Adolphe Feder
Aizik Feder, dit Adolphe Feder, est né à Odessa en 1885, dans l’empire russe. Il grandit dans une famille bourgeoise. Il prend part à la révolution « bund » et doit donc quitter la Russie. En 1904, il part pour Berlin, puis pour Genève où il suit des cours à l’Académie des Beaux-Arts. Le peintre arrive à Paris en 1908, et fréquente l’Académie Julian puis l’atelier de Matisse. Il s’intègre rapidement dans la vie parisienne, notamment à Montparnasse où il côtoie Othon Friesz, Modigliani, Jacques Lipchitz. En plus de pratiquer l’art, il collectionne l’art premier et l’art naïf (sa collection sera confisquée pendant la Seconde Guerre mondiale). À partir de 1923, il publie ses dessins dans des revues de gauche et illustre les ouvrages de Joseph Kessel et Arthur Rimbaud. L’artiste est très actif dans la scène artistique russe à Paris, notamment à travers la Société des artistes russes, qui regroupe plusieurs artistes de la Ruche. Comme beaucoup d’autres peintres de l’époque, il voyage dans le sud de la France, ainsi qu’en Bretagne. Feder ira également dans le Pays basque et en Algérie. En 1926, il se rend en Palestine. Pendant l’Occupation, il refuse de quitter Paris. Le peintre est arrêté en 1942, déporté en 1943 et meurt à Auschwitz. Sa femme, qui parvient à s’enfuir, emporte avec elle un album de dessins que Feder réalise lors de leur emprisonnement à Drancy.
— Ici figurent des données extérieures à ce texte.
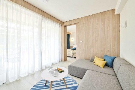 A total of 54 rooms and suites: The Garden Suites Umag Plava Laguna are located in 11 two-storey buildings. All accommodation units offer air conditioning/heating, satellite TV, telephone, free WiFi internet, minibar, safe, bathroom and balcony or terrace. Baby crib available free of charge on request.

Adolphe Feder est un peintre et illustrateur ukrainien de l’École de Paris. Son style est influencé par le fauvisme et la leçon Cézanienne. Dans les années 1920, il reprend les formes du cubisme. L’artiste exécute majoritairement des paysages, natures mortes, portraits et scènes de la vie rurale ou citadine. Il représente le monde des ouvriers, mais aussi la vie traditionnelle. Sa palette est marquée de couleurs chatoyantes. Il réalise également des aquarelles lors de sa détention à Drancy.
Feder participe à plusieurs salons parisiens : Salon d’Automne (1911-1913, 1919-1923, 1925, 1937), Salon des Indépendants (1913, 1914, 1921,1923), Salon des Tuileries (1926). En 1928, il expose également à la galerie Marcel Bernheim (Paris), Galerie Druet (Paris) et à Moscou (1928). Une partie de ses œuvres sont conservées dans différents musées dans le monde, notamment en France (musée national d’Art Moderne), Israël, Suisse, Russie.